Recording transactions which will be taxed in the future

Jean-David Beyer jdbeyer at
Mon May 17 22:22:59 EDT 2004

Mark H. Wood wrote:
> I'm seeking advice on how to handle Indiana's "use tax".  Our state 
> legislators are too lazy to negotiate reciprocal tax collection
> agreements with the other states, but of course they want the money
> regardless. Anyway, a resident of Indiana who buys something from a
> business in another state (mail order, Internet, phone, fax, whatever)
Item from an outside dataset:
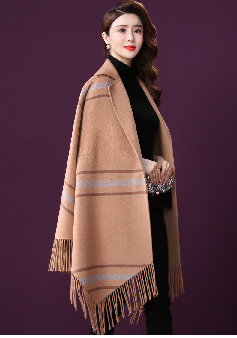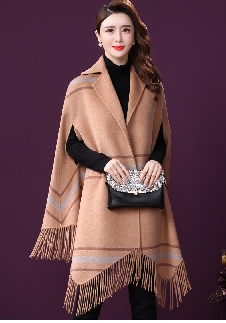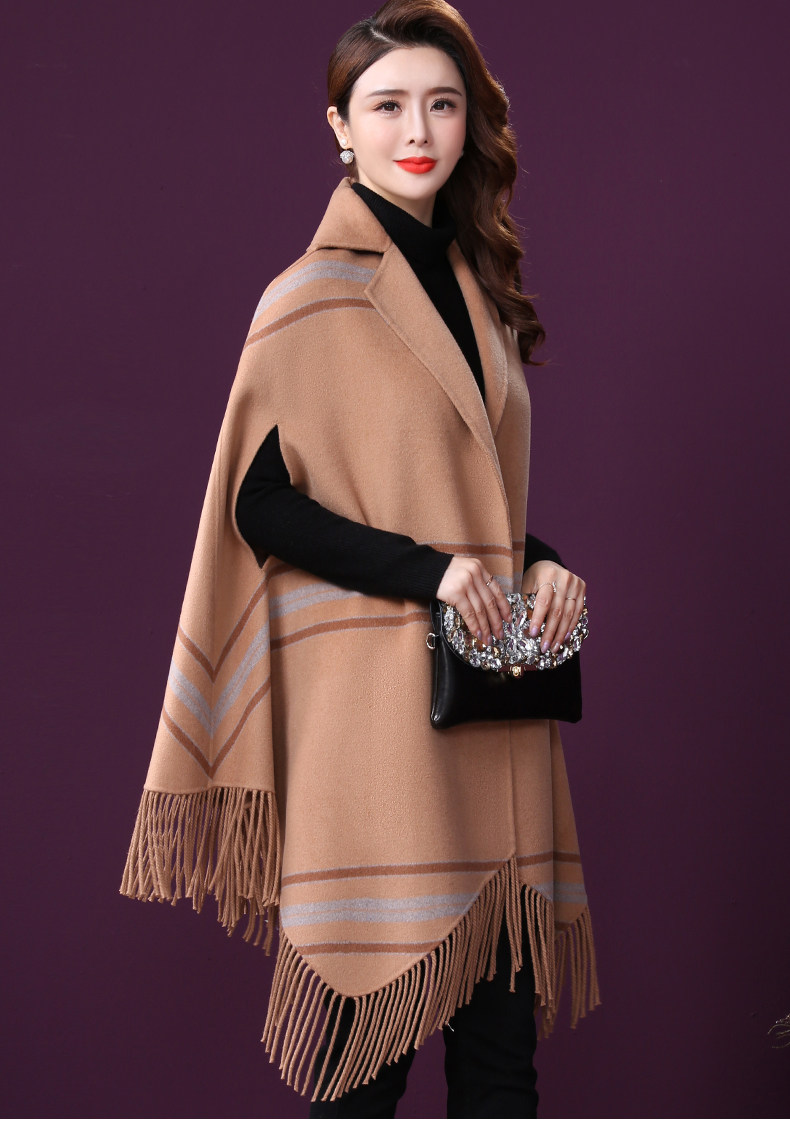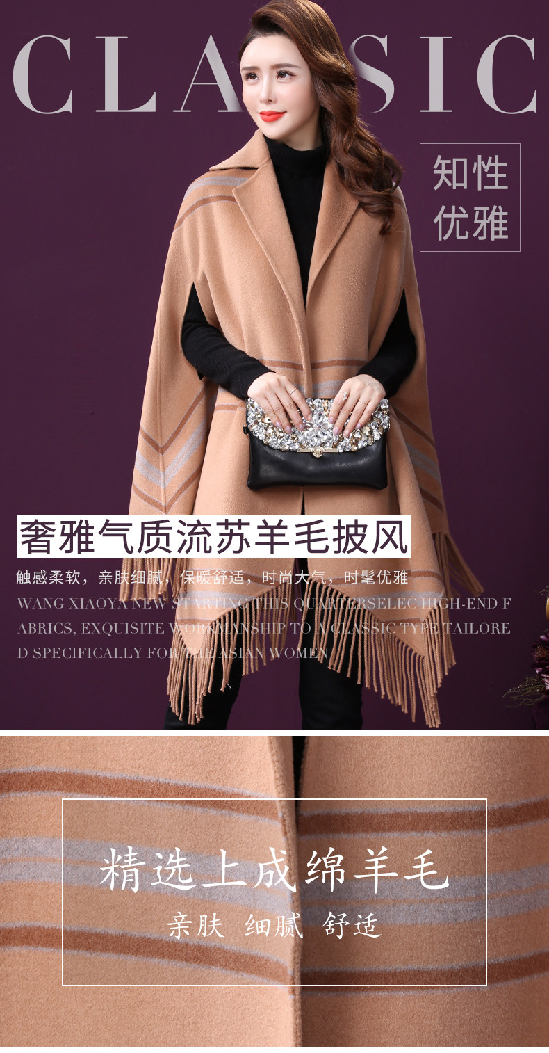 WXY-W-QX-20863秋冬中长款新款复古气质名媛绵羊毛翻领时尚披肩

> for delivery in Indiana owes Indiana sales tax on the purchase, but the
> seller is not obliged to collect the tax unless he has a physical
> presence in Indiana. Instead, the lucky citizen is required, at income
> tax time, to pore over his journals and find all such transactions, add
> them up, figure the tax, and send it in.  I don't mind paying the tax,
> any more than any other tax, but finding the relevant transactions is
> easily the most hateful part of filling the income tax form.
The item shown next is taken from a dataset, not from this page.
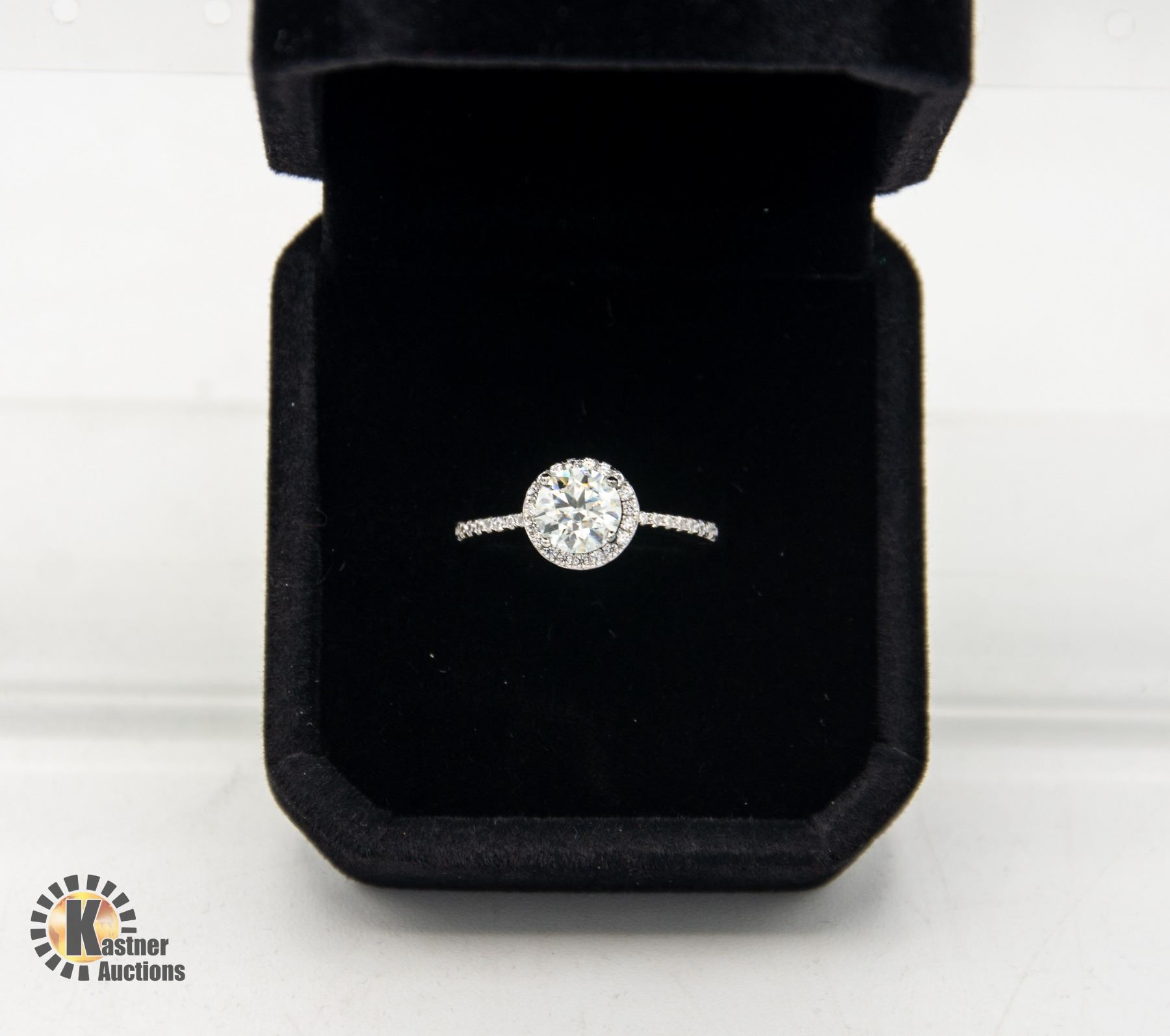 APPROX. 1.00 CARAT WITH HALO SURROUNDING CENTER AND MORE DOWN THE SHANK FOR A TOTAL 35 CUBIC ZIRCONIUM RING SIZE ADJUSTABLE **ALL ITEMS MUST BE REMOVED BY 5PM SATURDAY, FEBRUARY 24TH 2024. ALL REMAINING ITEMS WILL BE SUBJECT TO A $6.00 PER DAY STORAGE CHARGE. ANY ITEMS REMAINING AFTER MONDAY, MARCH 11TH, 2023 WILL BE CONSIDERED FORFEITED. NO REFUNDS WILL BE ISSUED FOR FORFEITED ITEMS. TO SCHEDULE A PICK UP APPOINTMENT CLICK HERE

> So, what I'm looking for is a way to note out-of-state purchases in a 
> GnuCash register, in such a way that I can have GnuCash collate and
> total all such purchases for the previous tax year instead of having to
> hunt them down and remember who collects tax and who doesn't.
> Alternatively, perhaps there is a way to record a synthetic transaction
> as a split in the real transaction, transferring virtual money between
> the sales tax account and a sort of phantom escrow account that's
> merely used to total the tax owed but not yet paid.  At the end of the
> year, money is transferred as needed to zero out the phantom account in
> order to record the actual payment of the tax.  It's all rather vague
> -- I need more practice in "thinking like an accountant".  (One
> additional complication is that I've arranged my withholding so that
> the use tax is almost always entirely consumed by a charge against a
> refund of excess income tax paid, so there's actually no cash out, just
> less cash in later.)
> Suggestions?
If you live in New Jersey, it is completely hopeless to do this correctly. 
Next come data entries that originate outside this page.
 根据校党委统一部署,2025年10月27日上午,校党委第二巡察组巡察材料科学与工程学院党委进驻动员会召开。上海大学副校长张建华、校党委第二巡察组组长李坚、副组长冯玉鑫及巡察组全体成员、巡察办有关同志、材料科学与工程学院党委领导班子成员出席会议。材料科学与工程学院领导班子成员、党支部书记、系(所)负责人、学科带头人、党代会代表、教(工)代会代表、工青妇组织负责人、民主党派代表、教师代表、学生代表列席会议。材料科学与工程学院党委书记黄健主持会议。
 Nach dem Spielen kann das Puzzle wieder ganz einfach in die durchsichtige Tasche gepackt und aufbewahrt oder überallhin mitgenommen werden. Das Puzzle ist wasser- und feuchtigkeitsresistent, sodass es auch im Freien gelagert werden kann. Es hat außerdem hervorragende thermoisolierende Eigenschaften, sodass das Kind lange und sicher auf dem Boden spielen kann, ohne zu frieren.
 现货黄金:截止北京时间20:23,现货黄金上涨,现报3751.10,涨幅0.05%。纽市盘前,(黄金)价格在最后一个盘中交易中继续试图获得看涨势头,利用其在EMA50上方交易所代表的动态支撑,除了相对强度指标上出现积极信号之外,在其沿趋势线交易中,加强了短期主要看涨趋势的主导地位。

If you buy from out of state, you pay tax on the amount you did not pay to 
the other jurisdiction. So if I buy something from a state that collected 
4% tax from me, and since New Jersey charges 6%, then iff this is a 
taxable item, I would send 2% tax to New Jersey. Per contra, if I buy 
something in New York City (8.75% sales tax IIRC), I pay New Jersey 
nothing. I also have a 30 (or so) page booklet that lists some of the 
items that are taxable and some of the items that are not taxable. For 
example (and I may have this backwards) books are taxable and magazines 
are not. But the booklet makes a big point that the lists are not 
complete, so I assume you must read the entire tax code to really know. I 
know what most of my friends do: they ignore this. If you buy a car, they 
will catch you, but I imagine you can get away with almost anything else 
unless you do a whole lot of it. I pay the tax on my bills, for 
example, but I can not tell very well from my American Express bills which 
items have had tax withheld and which did not, nor is it easy to tell 
which items were taxable or which were not.

If I take a trip and eat in restaurants (taxable in NJ), and gain 10 
pounds, I am bringing that excess fat back to New Jersey. Do I pay tax on 
those meals if they were not taxed where I ate them? While this is not a 
completely serious question, you can see how hopeless the whole thing is.

   .~.  Jean-David Beyer           Registered Linux User 85642.
   /V\                             Registered Machine   241939.